Corpus linguistics doesn't mean anything. It’s like saying suppose a physicist decides, suppose physics and chemistry decide that instead of relying on experiments, what they’re going to do is take videotapes of things happening in the world and they’ll collect huge videotapes of everything that’s happening and from that maybe they’ll come up with some generalizations or insights.
I'm all for experimental science but I did find it a bit amusing the way Chomsky appeals to its authority. From what I've seen a typical "experiment" in linguistics means the linguist coming up with a more or less convoluted sentence and introspecting to decide whether it's grammatical or not. You can easily guess what proper experimentalists in natural or social sciences would think of such a methodology. (By this I don't mean to say that grammaticality judgments are totally useless per se, just that the methods commonly used to obtain them don't meet the standards of proper experimental research.)

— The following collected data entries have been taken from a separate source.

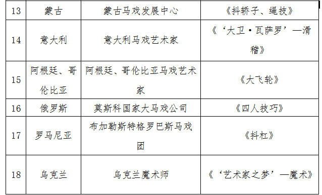 本届杂技节将有来自巴西,乌克兰,美国,西班牙,瑞士,法国,俄罗斯,埃塞俄比亚,蒙古,意大利,阿根廷,哥伦比亚,罗马尼亚,匈牙利,瑞典,朝鲜,中国、中国台北等18个国家和地区31个节目参赛。
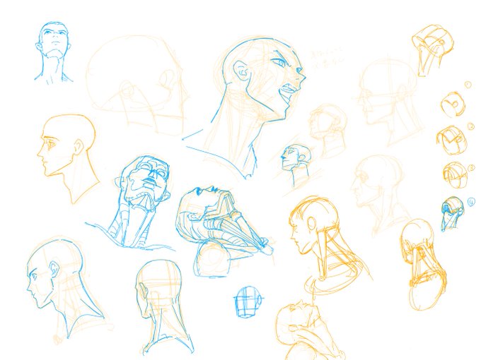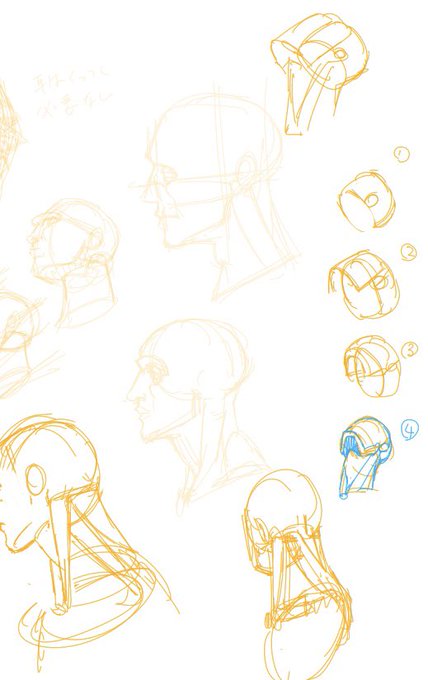 頭蓋部分(オーバル半切りにしたやつ)をかく→耳の辺りを終点にしてちょっと一段ずらしたかまぼこ型の下顎をつける→喉の部分だけかまぼこをあける でシルエット自体は書き出しできるようになりそう…だけど…問題は顔の中身の書き方ですね…
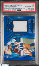 You are purchasing a 2020 Panini Certified New Generation Jerseys Justin Herbert #3 NW. Gen. Jsy Mirror Blue 18/99 PSA 7 Auto 7. ON CARD AUTO!!! You will receive the exact item in the photographs. Thank you for looking. Listed With Mascot.

As to the use of corpus data in research on language, Chomsky's dismissal is hard to make sense of. So OK physicist don't typically record videos of things happening out there, fair enough. But even someone afflicted with acute physics envy should be able to see that there are respectable and highly successful branches of science which cannot and do not rely on experiments to obtain their data. In effect, scientist in those areas do analyze huge "videotapes" of stuff that happened to make generalizations and come up with theories about their domain of study. Obvious examples are paleontology, evolutionary biology or cosmology. You can't rerun the Big Bang to see what happens when you fiddle with such and such parameter. All we can ever hope to do is to watch those videos in the form of red-shifted light from receding galaxies, background radiation etc. And yet, we know way more about the history of the universe than about the workings of human language.